たとえば、A社には3つの事業所があり、C事業所は売上が落ち込んでいるが、D事業所は横ばい、E事業所はやや売上が拡大しているとします。これに対し、ライバルのB社の事業所は、いずれも急激に売上が伸びている。この場合、売上の落ち込んでいるC事業所の問題の原因を探る方法をセミナーの受講生に聞くと、業績の伸びているE事業所もしくはB社の事業所と比較すればいいと答える人が多いんですね。でも、伸びている事業所には成功要因がありすぎて、何が問題かが特定しにくいんです。そんな中、あまり差のないD事業所と比較すれば、問題の原因は特定しやすい。だから、2次試験に自分が合格できない原因を特定するには、ギリギリ合格点の60点答案と比較するのが、いちばんいいんです。

斉藤:それは、すごくわかりやすいですね。

黒澤:自分が不合格のポジションにいるなら、落ちそうで落ちなかった人の答案を探してきて、自分の答案と比較すれば、改善点がみえやすいと思います。トップ答案や予備校の模範解答と比較しても、自分ができなかった原因は見つからないということですね。
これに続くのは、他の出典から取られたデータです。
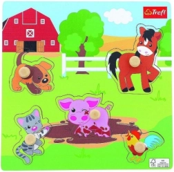 Scopri un gioco divertente ed educativo per i più piccoli: puzzle in legno a tema fattoria con cinque pezzi dotati di pomelli. Legno resistente, presa facile e immagini vivaci favoriscono le prime abilità del bambino e la gioia di comporre.

斉藤:あれもあるし、これもあるしで、たしかにどれが原因かがわかりませんね。

中尾:そうですね。そこそこ勉強すれば、たぶん50点台まではとれるんですよ。皆さん、合格までのあと2、3点が足りずにすごく苦労していて、そこを知りたいんだと思います。私のやっている勉強会でも、このことは伝えたいですね。

黒澤:このことに気づいていれば、私はストレートで合格できたのに......(笑)。